I obtained all the information thanks to openData Barcelona. All these file are easily available in BarcelonaOpenData

nofrauds

Brief description of Barcelona Accidents.

  1. Dataset contains all the accidents that the local police attended from 2010 to 2018.
  2. The information is gathered and spread in different files: - Accidents. This one has all information about every single accident and its time (date and time) and location (street, district, longitude and latitude). It also gives detailed information about the victims of the accident: how many in total were involved and what type of injuries they had: minor, severe or death. It also gives us the number of vehicles involved in the accident. Finally, there is a column that explains what the role of the pedestrian in the accident if in any case it was one involved. - Causes of the accident. This one adds ‘initial_street’ and ‘mediate_cause’. While the meaning of the first added column is unclear and will need further analysis, the second one -‘mediate_cause’ - indicates the reason - if any - behind the accident (alcohol, drugs, weather, etc). - People. This file contains the information for every single person involved in the accident. What vehicle they were in (car, motorcycle, etc), gender, age, his/her role in the accident (driver, passenger or pedestrian), if he/she was present or not and lastly what injuries suffer and if he/she was treated or not. - Types. This CSV adds a file named ‘accidents_description’ and it describes the type of accident: tun over, collision, crash, etc - Vehicles. This one adds a more detailed information about the vehicle: apart from type (car, bus,etc), it considers the brand name, model, color, what type fo license was holding the driver and finally for how long that driver has been holding the license.

  3. It has been a hard work to combine all different CSV due to different encodings and column’s names.
  4. Once I have all data combined, I will analyze the accidents as a whole and, at the same time, the accidents in which people died. I will compare both (all accidents and deadly accidents) to see if there is something we can learn about them and to see if they are correlated somehow.
  5. Important consideration: the accidents where people died represent 0.27% (just I did not miss any comma) of the total. It haas two conclusions: this is very imbalanced dataset and any change in the number of deaths even by one accident can change its statistics significantly.
  6. The link on GitHub for a more detailed and technical explanation is available here:BarcelonaAccidents. I will keep on updating them as I move forward.

Non-technical description of BarcelonaAccidents.

Gathering the data.

First I combine all files for accidents, causes, people, types and vehicles from 2010 to 2018. Once done, I merged them all together using the number of case file as a common index. You can see the coding in BarcelonaAccidents

DATA ANALYSIS

I will start with the most basic information contained in the first file, time, location, number f vehicles, number of people affected and its injuries to finish with the pedestrian cause (reminder: only those in which Barcelona local police is involved) like location, time, number of vehicles, number of people implied and the degree of its injuries.

Time Based Analysis

  • Year.

accidents_deaths_per_year

The trend is clear in both cases; while the accidents have been increasing during last years up until 2018 where the were reduced, the number of people that lost their lives in those have clearly diminished except for 3 years: 2014, 2016 and 2018. A more detailed analysis show how the ratio deaths per accidents spiked for 2018.
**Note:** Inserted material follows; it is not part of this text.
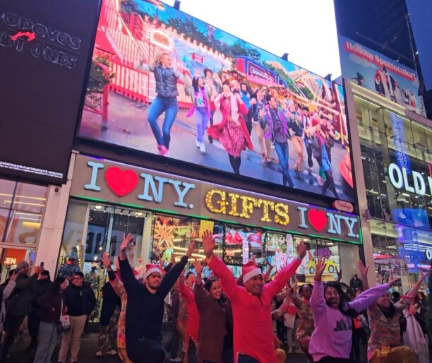 The promo for Christmas Karma lit up the video screen in Times Square ahead of its theatrical release. To celebrate, dancers from Masala Bhangra Group Fitness accompanied the premiere of the video in the heart of New York City with their special energetic moves and dhol player for a unique promotion.

avg_deaths_accident_per_year

  • Month.

accidents_deaths_per_month2

In the graph, we can see how the number of accidents keep steadily during most part of the year except for July and August where they clearly go down. When it comes to analyze deaths, the picture changes. While it looks like the previous months to summer it slows down ( less people dying), it peaks in summer to then go down again.

  • Weekday.

accidents_deaths_per_weekday2

Do you see how the accidents grow constantly during the week to reach its maximum on Friday and then go down during the weekend? Well, when it comes to deaths the analysis is that weekends are the days with the highest numbers of deaths while Monday… What does it mean? Isn’t it strange to see Monday so high out of nowhere?

  • Weekend.

accidents_deaths_per_weekend2

In this case, we can see how the line representing the number of deaths, peaks up on Friday night and also on Saturday night but not as much. This is important to point out because this explains why Saturday stands out in the number of deaths. Saturday includes the late hours of the Friday night and early hours of Saturday night. But if we understand Friday night as the hours from Friday 10pm to Saturday morning 5am, Friday should stand out as the most dangerous hours of the week.

  • Hour.

accidents_deaths_per_hour

This new chart is confirming all that we have been seeing so far. It is that the riskiest time to drive in Barcelona is during the early morning mainly during the weekend. The first chart, similar to the one we had for the weekend, shows that correlation broken between accidents and deaths.

  • Shift

Doing the analysis by shift, it is a little bit overdoing it but I think it will give a clearer picture of the non-correlation in hour for accidents as a whole and the ones with people dying. As a reminder: morning goes from 6am to 2pm, afternoon/evening up until 10 and the rest is night.

accidents_deaths_by_shift

Conclusion: All these charts (and others that I could plot) show how the accidents as a whole are more related to the traffic. More accidents during weekdays versus weekends, less accidents during the night shift vs the rest of the day,etc. On the other hand, the accidents in which people die tend to lean more towards the less busy times. As an example, we have the pie charts for the shifts.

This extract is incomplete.